_Work request:_
Without the pictures, print the lines running from the beginning of the material to the line containing "Bioluminescent activity of", both ends included.

START Input for this task

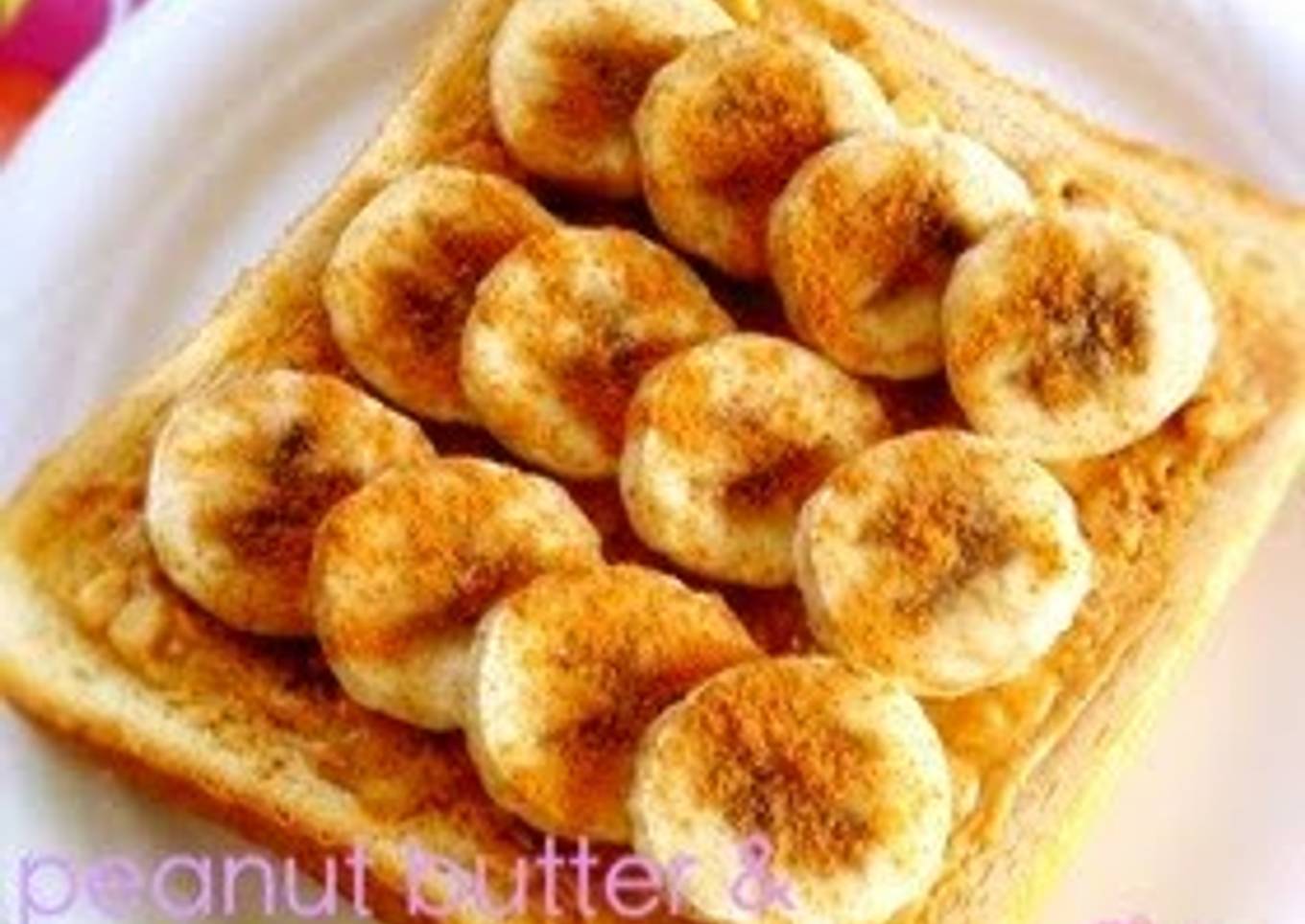 - Spread the peanut butter on the bread. Arrange the round slices of banana on top, and sprinkle with cinnamon powder. Toast in a toaster oven until golden brown, and it's done.
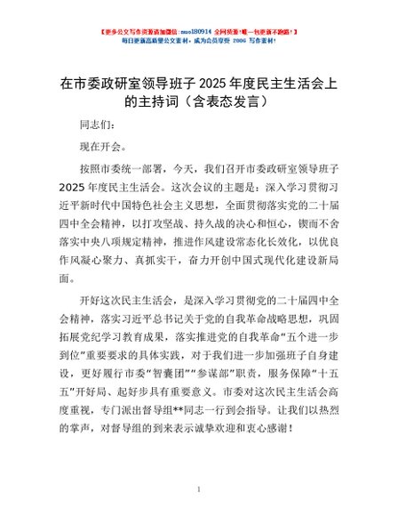 / 在市委政研室领导班子2025年度民主生活会上的主持词(含表态发言)
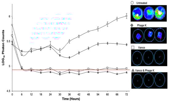 Bioluminescent activity of dynamic biofilms over 72-h treatment period. Vertical bars represent standard error of the mean. Dotted red line shows limit of bioluminescence detection of imaging system. Treatments included: untreated; vancomycin; staph phage K; combination of vancomycin and staph phage K. Luminescent intensity is displayed on a rainbow color scale with violet being least intense and red being most intense. Minimum and maximum intensities are shown to be 300 and 3000, respectively.
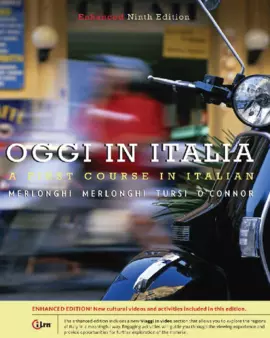 OGGI IN ITALIA is an introductory Italian program featuring a balanced four skills approach to language learning OGGI includes various perspectives of Italian culture ranging from its rich historical legacy to current changes affecting the country and culture This allows you to practice the basics of the language and develop oral communication skills in a variety of contexts while learning about contemporary Italian life and culture The enhanced edition provides additional cultural content through the brand new Viaggi in video sections which allow you to explore different regions of Italy Authentic Italian videos accessible on iLrn are accompanied by activities that guide you through the viewing experience and provide opportunities for classmate interaction through the iLrn Share It feature
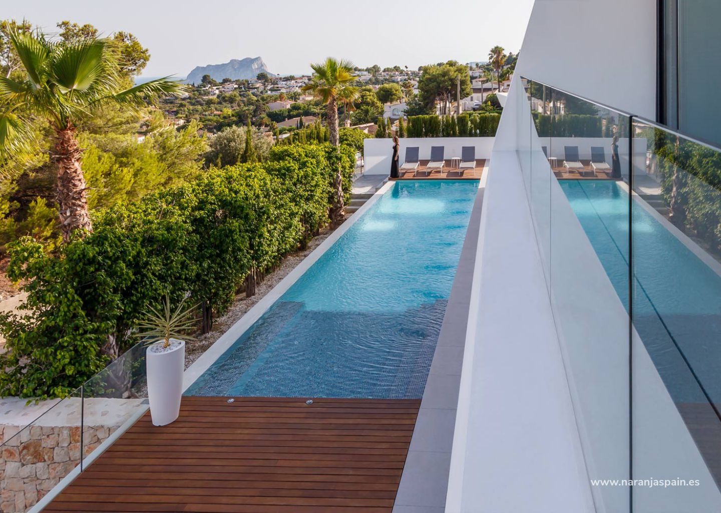 Villa en Moraira está ubicada en una parcela de 800 m² en una zona verde rodeada de montañas. La villa dispone de planta sótano, planta baja y planta primera. La casa es muy sencilla de estilo moderno y terrazas cubiertas y descubiertas. En la vivienda encontraremos 4 dormitorios, 3 baños, salón-comedor y cocina, los espacios estan bien diseñados y tienen mucha luz natural. También encontraremos zona chillout junto a la piscina, un jardín privado, zona de aparcamiento y garaje para dos coches. La villa dispone de 255,20m². El proyecto está diseñado por el estudio de arquitectura..
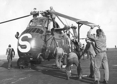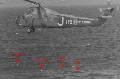 commandée depuis le 18 janvier par le lieutenant de vaisseau Le 1er janvier 1966, se constitue le Groupe d'Hélicoptères Occasionnel du Pacifique, qui réunit la 31F et une majeure partie de la 23S. Le 4 mars, le GHOP embarque sous les ordres d'ALGROUPA (futur ALPA) sur le Foch, vers le Pacifique. Sa mission principale devient le repêchage "chalutage" des têtes d'engins de prélèvement après tir nucléaire, à laquelle se rajoutent des missions de transport, de liaison, plus quelques petits exercices ASM (seuls 3 sonars ont été emmenés, pour garder le contact avec l'ASM). ![]() La flottille quitte, une nouvelle fois, Saint-Mandrier pour l'année entière. Elle est affectée le 1er janvier 1968 au Clemenceau et au Groupe ALFA, qui s'en retourne au Pacifique pour de nouvelles expérimentations nucléaires. Dès son retour à Saint-Mandrier, le 12 décembre, fort de leur entraînement en héliportage au CEP, le commandant propose de faire de sa flottille une flottille mixte, assaut et ASM. Ce projet n'est pas retenu par les autorités supérieures, et la 31F doit reprendre son entraînement en ASM. Depuis le retour du CEP, les sonars AQS4 sont progressivement remplacés par des DUAV1, sonars français plus performants. La torpille Mk44 fait son apparition sur HSS et les moteurs sont modifiés pour acquérir plus de répondant et de fiabilité. Cependant, lors
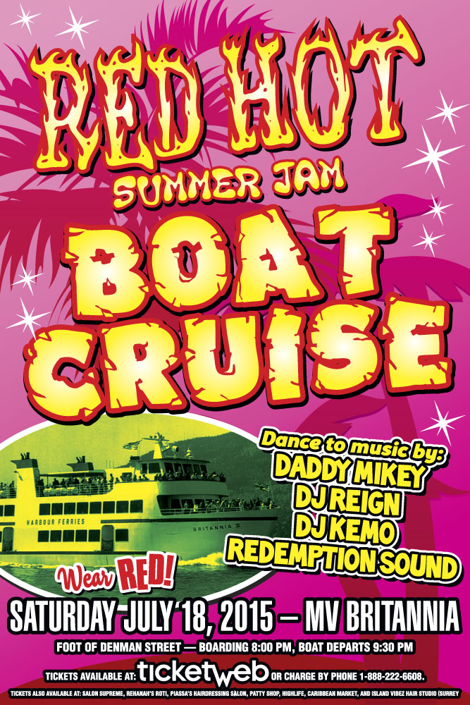 Enjoy Caribbean / Latin vibes on the open seas on a Tropical Boat Cruise; featuring dance music by Daddy Mikey, DJ Reign, DJ Kemo and Redemption Sound and don’t forget to dress tropical for this Red Hot Summer Jam Tropical Boat Cruise, wear something red! This annual Boat Cruise brought to you by Melo Productions, promises to be HOT! HOT! HOT!
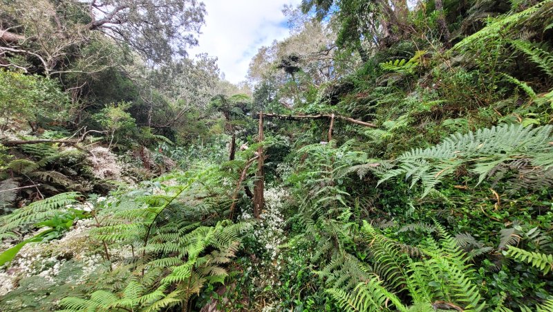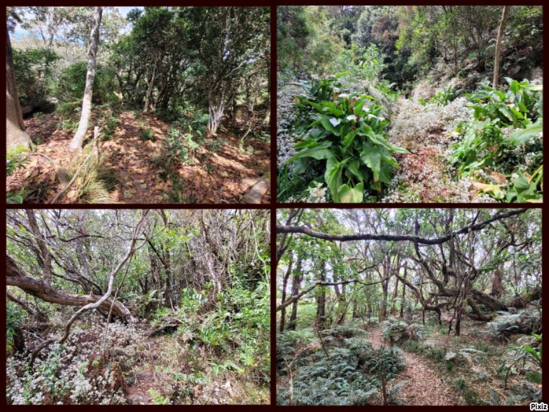 A deux pas de la Rivière d'Abord dans les Hauts du Tampon se trouve une petite forêt de tamarins des Hauts appartenant à la famille Avril. Elle a confié les 121 hectares de ce bois envahi par toutes sortes d'invasives à l'association AVE2M qui l'a remarquablement remis en valeur avec l'aide des emplois verts de l'association. L'association œuvre principalement dans la préservation des milieux naturels et la sauvegarde des pétrels noirs et de Barau qui sont menacés d'extinction. Le circuit est beaucoup trop court pour organiser une randonnée spéciale à moins d'habiter le Tampon. Mais c'est l'occasion unique d'y aller se promener un jour de balade dans la tamarinaie de la Ravine Blanche ou au sentier botanique de Notre Dame de la Paix. Une aire de pique-nique, dénudée, a été prévue près du départ du sentier. Il n'y a pour le moment ni table ni banc et il faudra prévoir une couverture à poser au sol. Le circuit, qui ne prend que quelques minutes, permet de côtoyer de magnifiques tamarins des Hauts et de longer un affluent de la Rivière d'Abord au fond rocheux bordé d'arums.
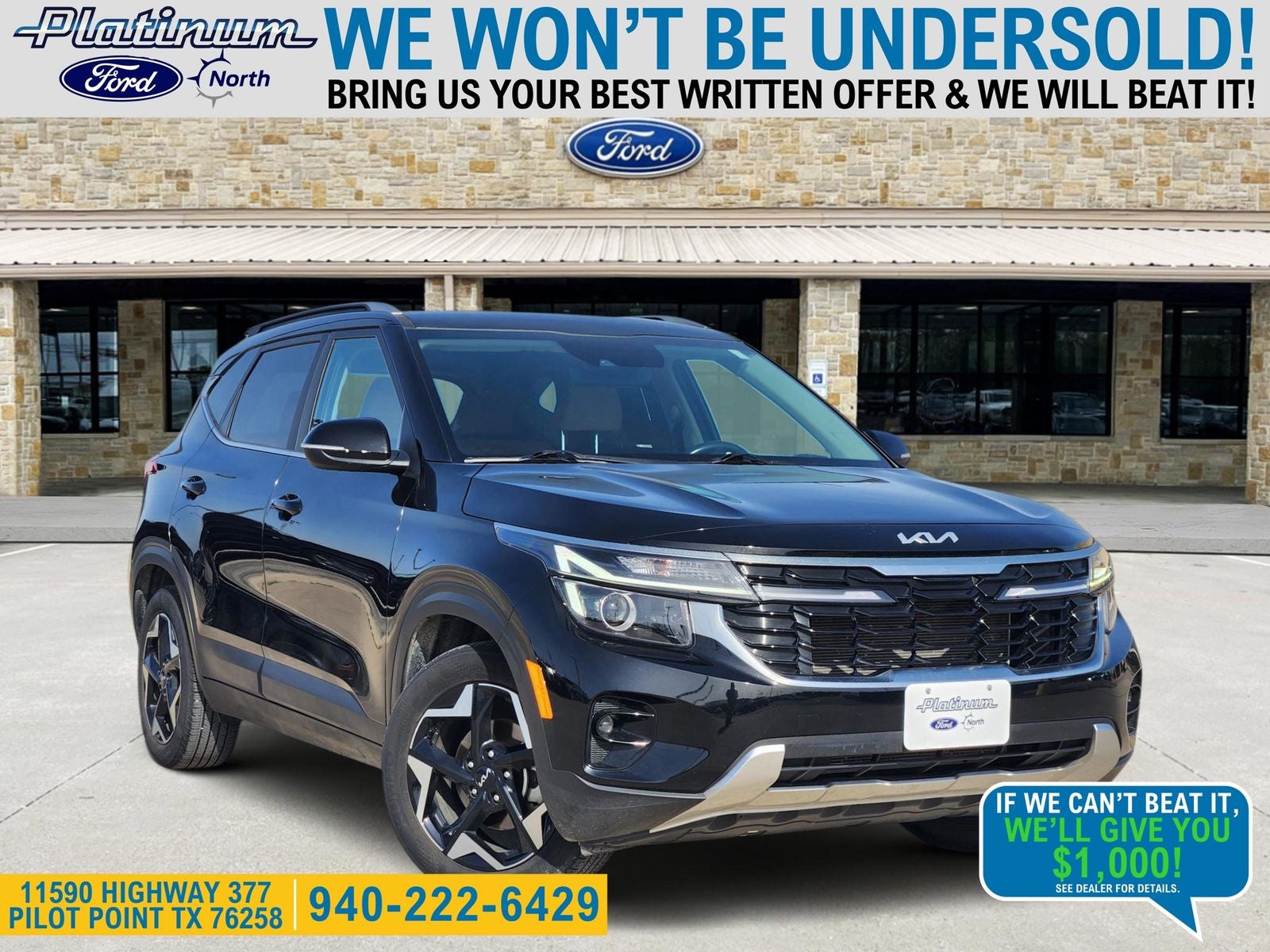 This 2024 Kia Seltos EX in Fusion Black comes with the following features: 2.0L I4 MPI CVT FWD Gentle Brown Interior Color Package, Seltos EX, Ford Blue Advantage: Blue Certified Certified, 4D Sport Utility, 2.0L I4 MPI, CVT, FWD, Fusion Black, Black Artificial Leather, 4-Wheel Disc Brakes, 6 Speakers, 6.052 Axle Ratio, ABS brakes, Air Conditioning, Alloy wheels, AM/FM radio: SiriusXM, Apple CarPlay & Android Auto, Auto High-beam Headlights, Automatic temperature control, Brake assist, Bumpers: body-color, Cargo Net (Floor), Carpet Floor Mats, Delay-off headlights, Driver door bin, Driver vanity mirror, Dual front impact airbags, Dual front side impact airbags, Electronic Stability Control, Emergency communication system: 911 Connect, Exterior Parking Camera Rear, Front anti-roll bar, Front Bucket Seats, Front Center Armrest, Front fog lights, Front reading lights, Fully automatic headlights, Heated door mirrors, Heated Front Bucket Seats, Heated front seats, Illuminated entry, Leather Shift Knob, Leather steering wheel, Low tire pressure warning, Navigation System, Occupant sensing airbag, Outside temperature display, Overhead airbag, Overhead console, Panic alarm, Passenger door bin, Passenger vanity mirror, Power door mirrors, Power driver seat, Power steering, Power windows, Rear seat center armrest, Rear window defroster, Rear window wiper, Remote keyless entry, Security system, Sofino Premium Leatherette Seat Trim, Speed control, Speed-sensing steering, Split folding rear seat, Spoiler, Steering wheel mounted audio controls, Tachometer, Telescoping steering wheel, Tilt steering wheel, Traction control, Trip computer, Turn signal indicator mirrors, and Variably intermittent wipers. Certified. Odometer is 8399 miles below market average!

END Input for this task

_The completed task:_
 - Spread the peanut butter on the bread. Arrange the round slices of banana on top, and sprinkle with cinnamon powder. Toast in a toaster oven until golden brown, and it's done.
 / 在市委政研室领导班子2025年度民主生活会上的主持词(含表态发言)
 Bioluminescent activity of dynamic biofilms over 72-h treatment period. Vertical bars represent standard error of the mean. Dotted red line shows limit of bioluminescence detection of imaging system. Treatments included: untreated; vancomycin; staph phage K; combination of vancomycin and staph phage K. Luminescent intensity is displayed on a rainbow color scale with violet being least intense and red being most intense. Minimum and maximum intensities are shown to be 300 and 3000, respectively.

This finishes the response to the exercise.